Hukukun Adeletsizliği

İlk defa 19 yaşımdayken; 12 Eylül darbesi olduğunda, koskoca hukukçulardan karşı bir ses çıkmayınca “işte esen yele göre bir hukuk” demiştim…

Hele de meşhur 28 Şubat"ta rot-balans ayarı yapan Kalkancı and Fadime ekibinden brifing almaya giden hukukçuları gördüğümde yazık oluyor ülkeme bu kadarı da olmaz demiştim…

Urfa Belediye Başkanı RP"li İbrahim Halil Çelik"i laf olsun torba dolsun kabilinden makamında tutuklayıp, 3-5 gün sonra pardon diye salan ve yetkimi kullandım, kimse karışamaz diyen meşhur savcıyı duyduğumda da, yok devenin nalı bu kadarı da fazla demiştim ama şakşakçı gazetelerin ve yalaka yazarların tutuklamaya desteklerini görünce, savcı bey haklı galiba demiştim…

Koskoca İstanbul"un Belediye Başkanını yüz yıl evvel yazılmış Ziya Gökalp"ın şiirini okudu diye, evlere şenlik yorum yapıp tutuklayan, Başkanlıktan atan ve cezaevinde süründüren hukukçuları görünce de ilk defa sevgili vatanımın hukuk sisteminden utanmıştım.

Daha iki yıl evvel Samsun Büyükşehir Belediyesinde yapılan A Takımı operasyonuyla tutuklananların üç dört ay sonra yine pardonla salındıklarını görünce de, kaçma ihtimali olmayan insanlara bu derece, hukuka belki uygun ama hak ve adalete uymayan tutuklamalar yapılmasının kanuni bir değişiklikle engellenmesi gerektiğini düşünmüştüm ama nerde?

Başkalarına yapılırken şak şaklayanlar sıra kendilerine gelince ciyakladıklarından çözüm gelmiyor ki!

İşte size bir Ergenekon klasiği!

OMÜ"nün eski meşhur rektörü, hani 400"e karşı 71 oy aldığı halde hukuka uydurulup atanan Prof. Dr. Ferit BERNAY"ın tutuklanıp salınması…

Sayın Bernay"ı tanımam, rektörken; yandaşı olmayan Öğretim üyelerine ve öğrencilere yaptığı haksız ve hukuksuz uygulamaları hiç tasvip etmem…

Ama tutuklanıp, 3-5 ay cezaevinde yatırılıp da pardon diye salınmasını da insanlık ve adalet adına tasvip etmem mümkün değildir!

Neymiş, tutuksuz yargılanacakmış!

İyi de 3-5 ay neden tutukladınız o zaman?

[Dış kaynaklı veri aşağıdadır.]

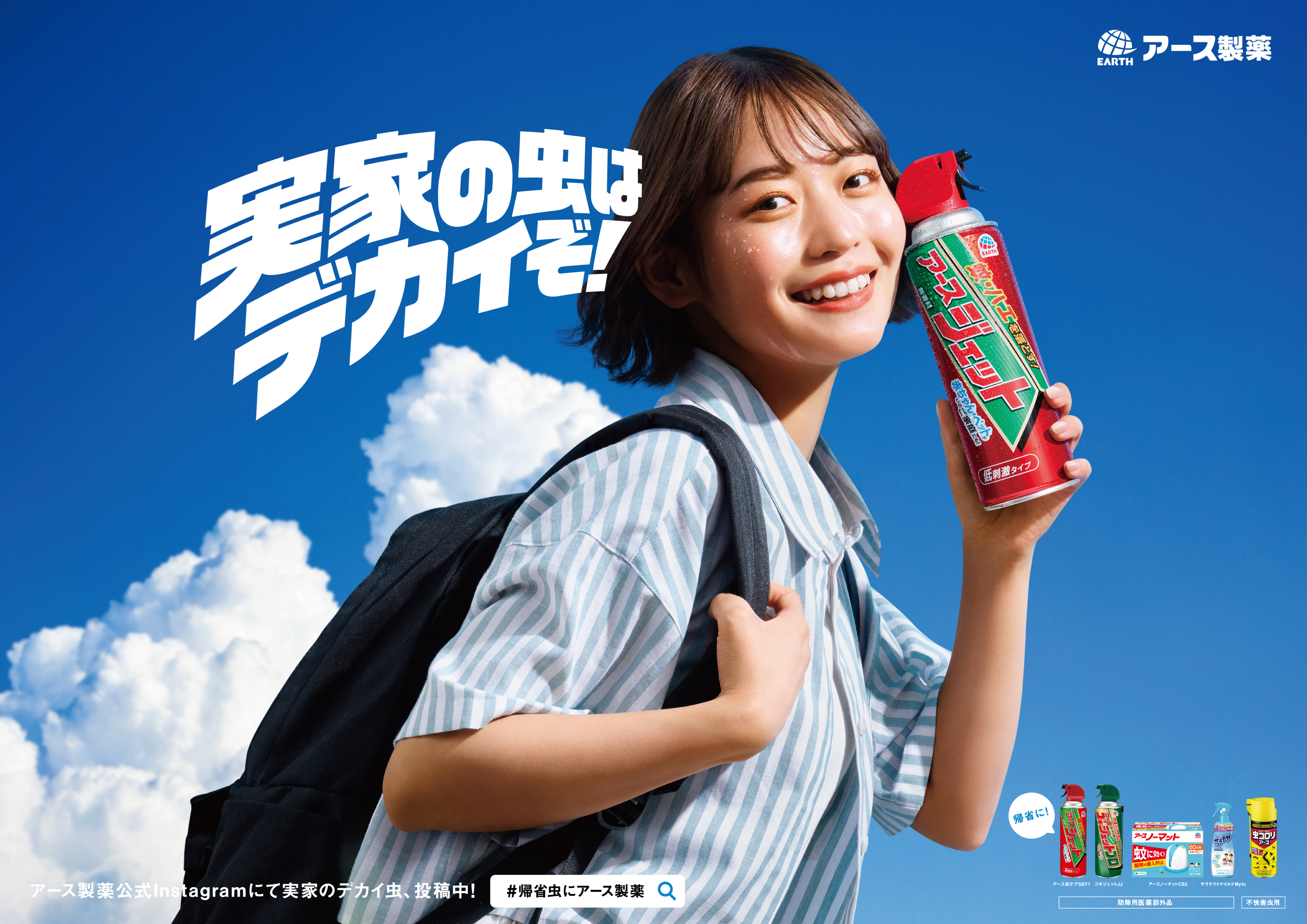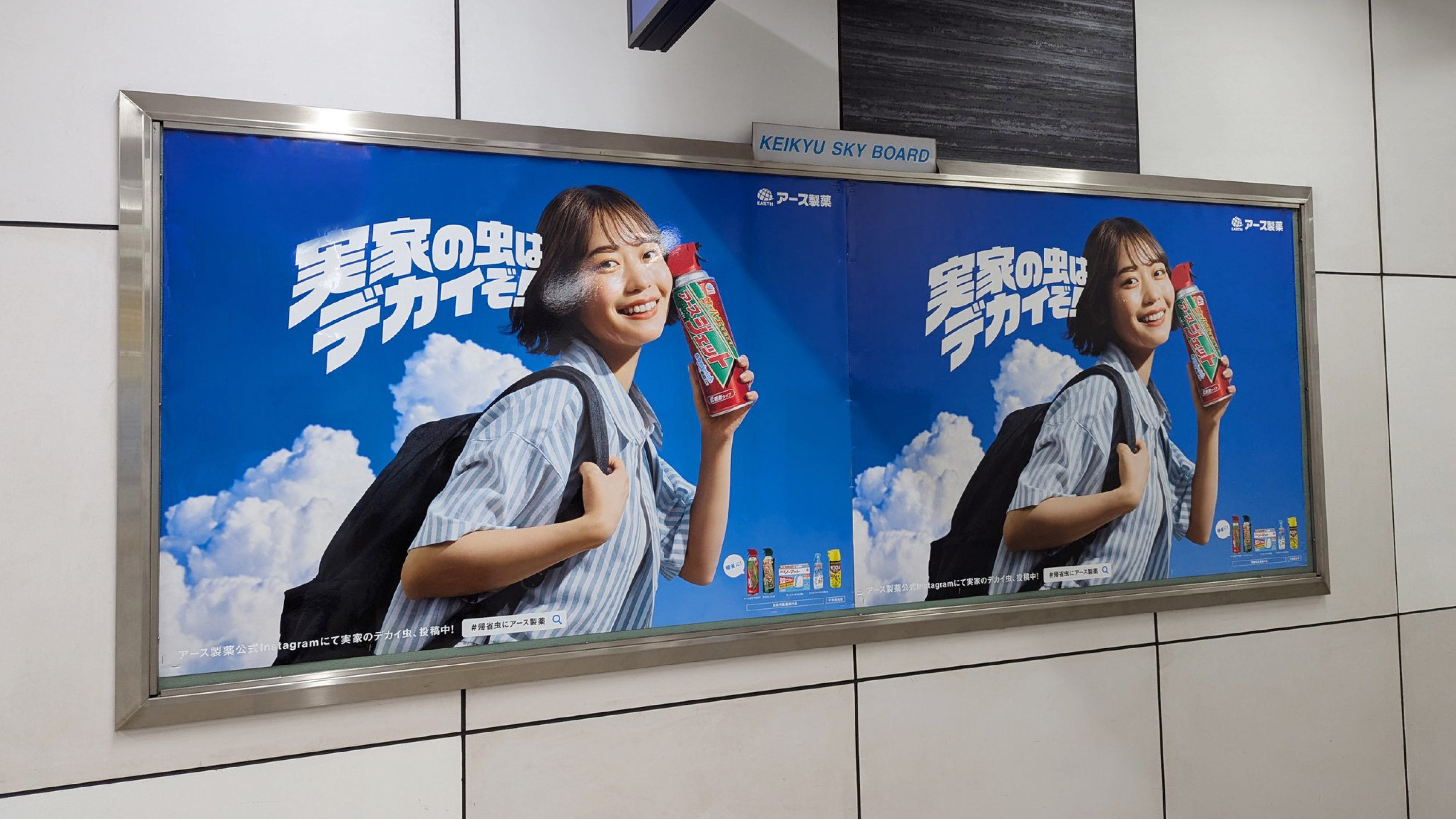 虫ケア用品の夏コミュニケーション施策。「帰省する皆さんに実家の虫のデカさを思い出して欲しい...」というアース製薬の思いをもとに、ビジュアルを制作。一見すると、清涼飲料のような爽快感の溢れる広告ですが、よく見てみると...。思わずツッコミたくなるような違和感を演出しました。帰省シーズンの8月に合わせて、羽田空港、四国/九州のターミナル駅に広告を掲出。誘導先のInstagramでは掲出期間にフォロワーから「デカい虫」の写真を募集しモザイクをかけて投稿。虫ケア用品をプレゼントする企画として、ユーザーとの交流の場を創出しました。

Hazırlık soruşturması da tutuksuz yapılamaz mıydı?

Sayın Bernay kaçar mıydı?

Bence değil kaçmak, düşünmezdi bile!

İşte hukukun adaletsizliğine örneklerden bir kaçı…

Gelecekte aynı şeyleri bizlerin veya başkalarının da yaşamayacağının, hukukun adaletli davranacağının, haksızlık yapmayacağının da garantisi yoktur!

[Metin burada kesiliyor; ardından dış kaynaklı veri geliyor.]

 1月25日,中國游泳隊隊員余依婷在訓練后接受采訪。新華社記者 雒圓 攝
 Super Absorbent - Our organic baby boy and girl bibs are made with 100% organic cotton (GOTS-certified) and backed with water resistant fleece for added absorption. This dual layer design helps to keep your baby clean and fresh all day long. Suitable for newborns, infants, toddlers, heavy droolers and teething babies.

Baksanıza koskoca hukukçu baro başkanına!

“Eşitlik, eşitler arasına olur” buyurmuyor mu?

Öyleyse bizlerin de, sanki o büyük ve ulu insanlarla eşitmişiz gibi hak arama ve eleştirmeye hakkımız yoktur!

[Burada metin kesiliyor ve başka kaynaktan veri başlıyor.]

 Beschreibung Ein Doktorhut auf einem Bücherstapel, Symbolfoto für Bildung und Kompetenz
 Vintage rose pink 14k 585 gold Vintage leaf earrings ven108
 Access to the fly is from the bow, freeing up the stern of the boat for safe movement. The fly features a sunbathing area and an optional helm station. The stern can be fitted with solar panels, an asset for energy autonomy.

Zaten Anayasa Mahkemesi Başkanı da açıkladı ya, Savcılarımızın açtıkları davaların %60"ı takipsizlik ve beraatla sonuçlanıyor diye!

Sayın savcılarımıza istedikleri gibi tutuklama sonra da deliller yetmeyince tutuksuz yargılama veya beraatla salıverme yetkisini veren kendileri değil ya siyasetçilerdir, yani TBMM"deki kanun koyuculardır.

Bir yerlerde yanlışlık var ama nerde?

Eğer haksızlıklara sebep olan bu adaletsiz uygulamaları değiştirmezler, önleyici kanunlar çıkarmazlarsa bir gün onlar da uyduruktan tutuklu yargılanırlar inşallah!

Adaletsiz uygulamayı yapanların ve sebep olanların da bir gün aynı adaletsizliklere uğramaları ve feryat etmeleri dileğiyle hoşça kalınız…

Eleştirimdeki haklılığım, işte o zaman anlaşılacaktır ama “Ba"de harabul Basra”!